Africa50 pilote également le recyclage d’actifs, permettant aux États de transférer des infrastructures existantes au secteur privé pour récupérer des liquidités et réduire leur endettement.
« Le pont de Sénégambie, financé à hauteur de 104 millions $ par la BAD, a été le premier projet utilisé dans le cadre du recyclage d’actifs. Le programme a été un succès, car la Gambie a pu récupérer la totalité de sa mise initiale via Africa50 », a précisé Adesina.
Un soutien politique fort au sommet
Ce regain de dynamisme pour les partenariats économiques États-Unis–Afrique a reçu un soutien politique de haut niveau, avec la participation de sept chefs d’État, de plusieurs Premiers ministres et dirigeants d’organisations régionales clés.

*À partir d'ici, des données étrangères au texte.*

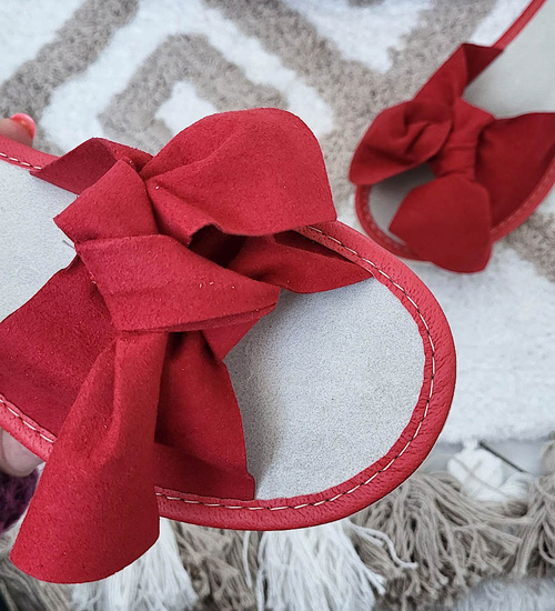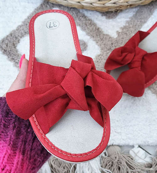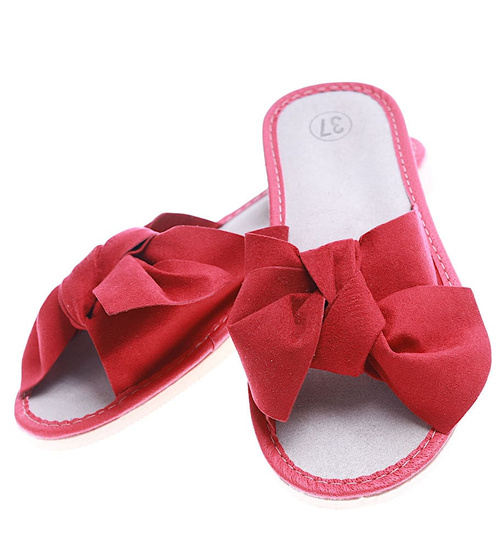 Skórzane domowe klapki z kokardą Bordowe /G5-1 8599 S194/

Parmi les personnalités présentes figuraient les présidents :
- Denis Sassou Nguesso (Congo),
- Faustin-Archange Touadéra (RCA),
- Félix Tshisekedi (RDC),
- Taye Aske Selassie (Éthiopie),
- Duma Gideon Boko (Botswana),
- Netumbo Nandi-Ndaitwah (Namibie),
- Brice Clotaire Oligui Nguema (Gabon).
Ainsi que les Premiers ministres :
- Gervais Ndirakobuca (Burundi),
- Robert Beugré Mambé (Côte d’Ivoire),
- Russell Mmiso Dlamini (Eswatini),
- Manuel Osa Nsue Nsua (Guinée équatoriale),
- Christian Louis Ntsay (Madagascar),
et la Vice-première ministre du Lesotho, Nthomeng Justina Majara.
Le sommet a également accueilli Mahamoud Ali Youssouf (président de la Commission de l’Union africaine), l’ambassadeur Gilberto Da Piedade Verissimo (président de la CEEAC) et Elias M. Magosi (secrétaire exécutif de la SADC).